Two important things to note about these new estimates. First, as expected, the standard errors changed at least slightly for virtually all variables. Most of the changes were quite small and had little impact on the p-values. The most substantial change occurred for `docs10k`

, whose slope is still statistically significant using a one-tailed test (t=1.91). The other thing to note is that this transformation had no impact on the slope estimates or the model fit statistics, reinforcing the fact that heteroscedasticity does not lead to biased slopes but does render standard errors unreliable.

### Independent Errors

The errors produced by different values of the independent variables are unrelated to each other; that is, the errors from one observation do not affect the errors of other observations. One form of correlated errors is referred to as *serial correlation* and is often a problem for time-series data, which we have not worked with much at all in this book. Some academic areas, such as economics and certain sub-fields of political science, rely heavily on time series data, and scholars in those areas need to examine their models closely in search of serial correlation.
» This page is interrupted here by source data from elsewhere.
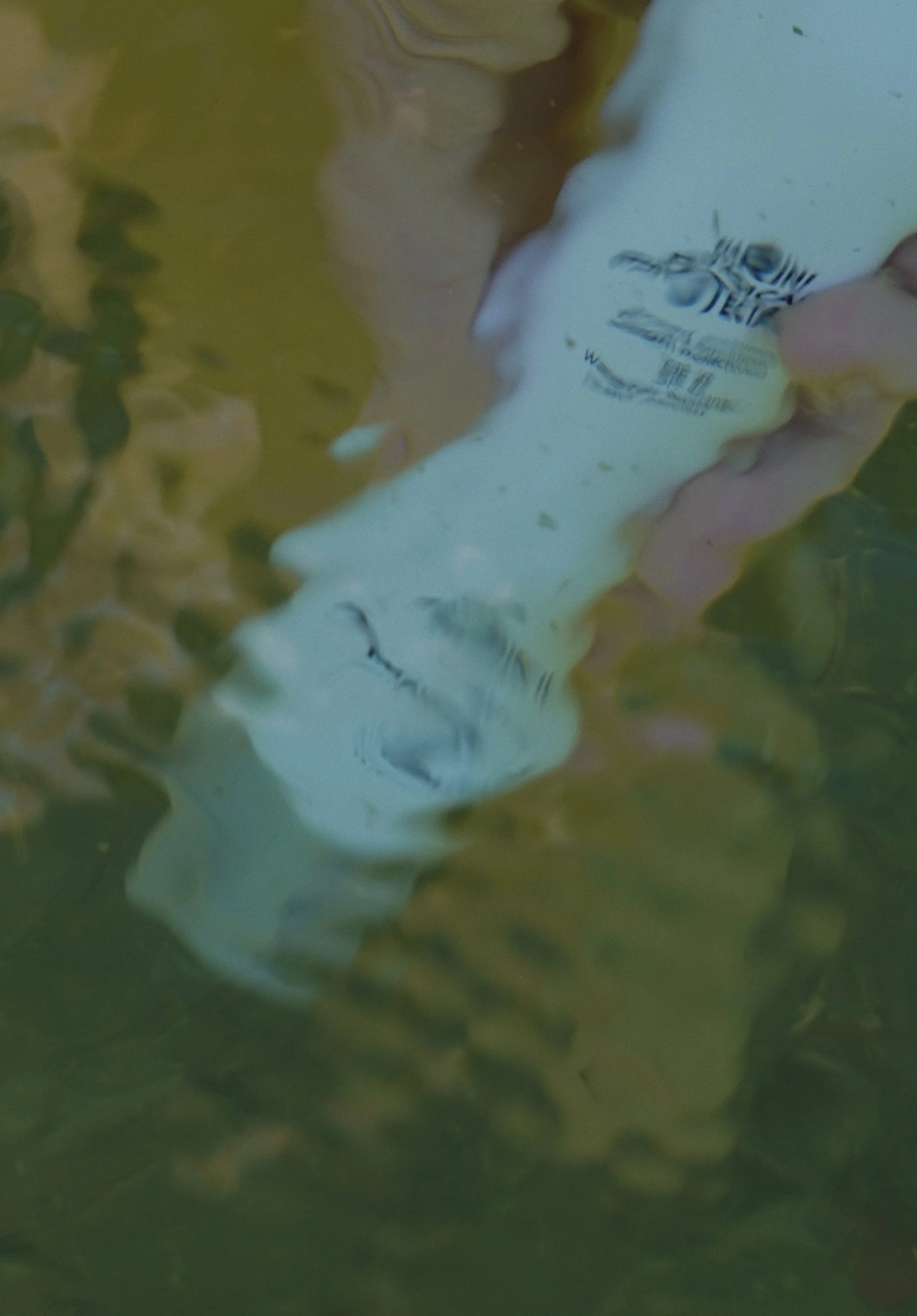 A hand holding a white plastic bottle labeled with a brand called 'June Shine' submerged under water, with greenish algae or plants surrounding it.
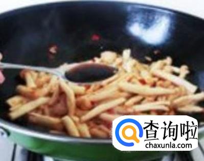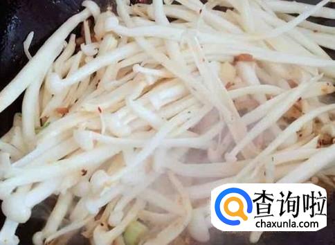 然后放海鲜菇进去,加适量的盐,大火翻炒2分钟左右。
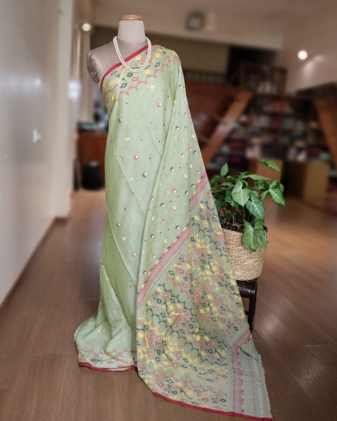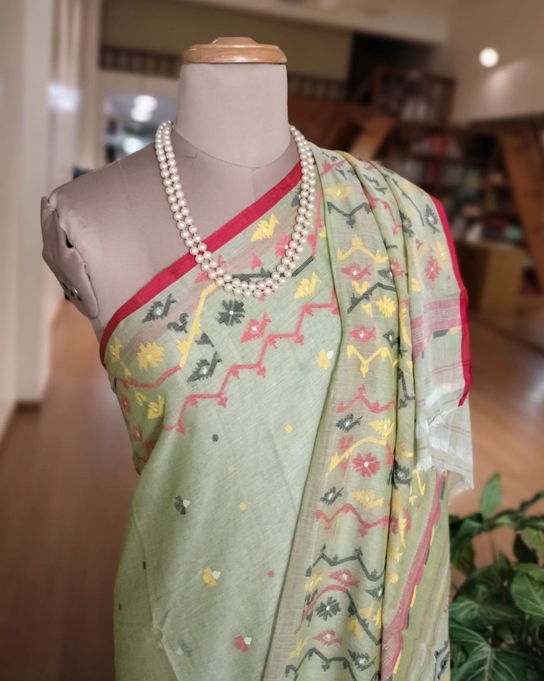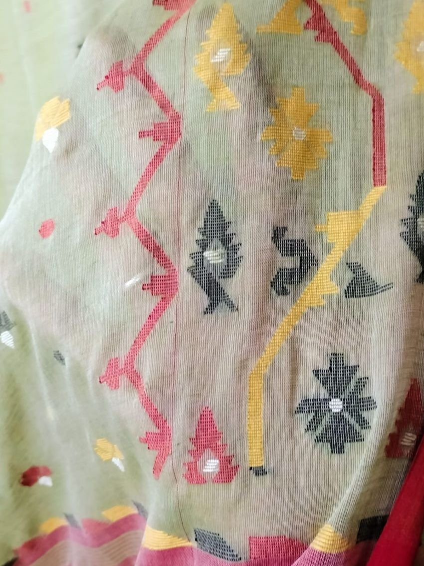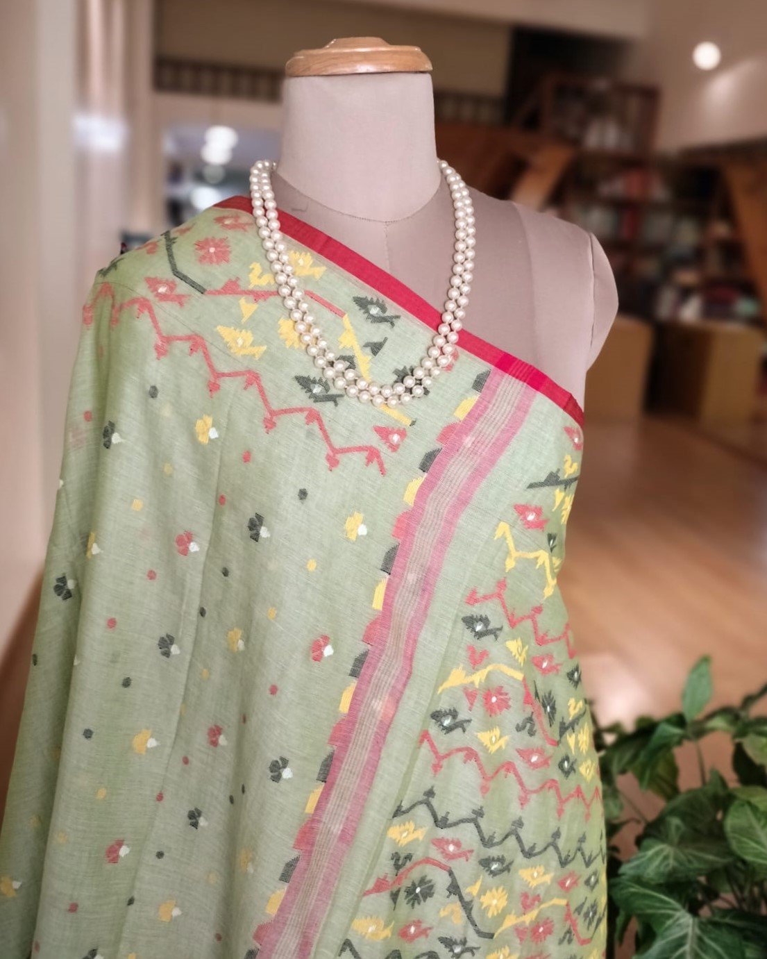 Pujo special: Fine Handweave Jamdani Cotton saree from Phulia in West Bengal.
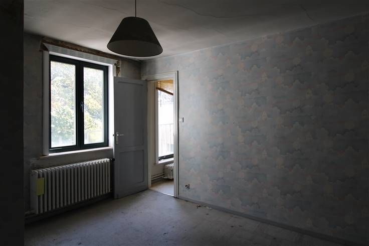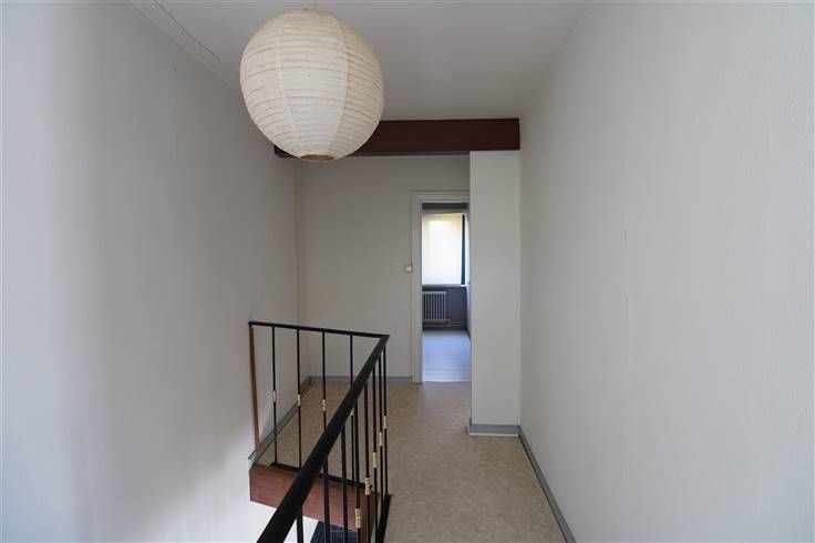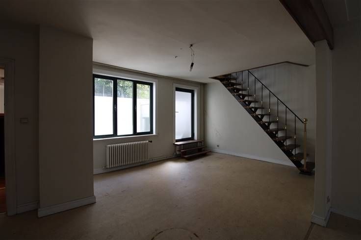 Op de eerste verdieping bevindt zich een toilet, een opslagplaats en het woongedeelte. Het woongedeelte bestaat uit een inkomhal, een gedeeltelijk geïnstalleerde keuken, een lichtrijke woon -en eetkamer, een berging en een toilet. Via de woonkamer is er toegang tot het dakterras. Tot slot situeren zich op de derde verdieping twee slaapkamers en een badkamer.

When serial correlation is present, it leads to suppressed standard errors, which creates inflated t-scores, and can lead researchers to falsely conclude that some relationships are statistically significant when they are not (Type I error).

## Next Steps

You’ve made it through the book! Give yourself a pat on the back. You’ve covered a lot of material and have probably done so during a single semester while taking other courses. Think back to the beginning of the book when you were first learning about a programming language called R and just dipping a toe into data analysis with simple frequency tables. Those were important things to learn, but you’ve picked up a lot more since then.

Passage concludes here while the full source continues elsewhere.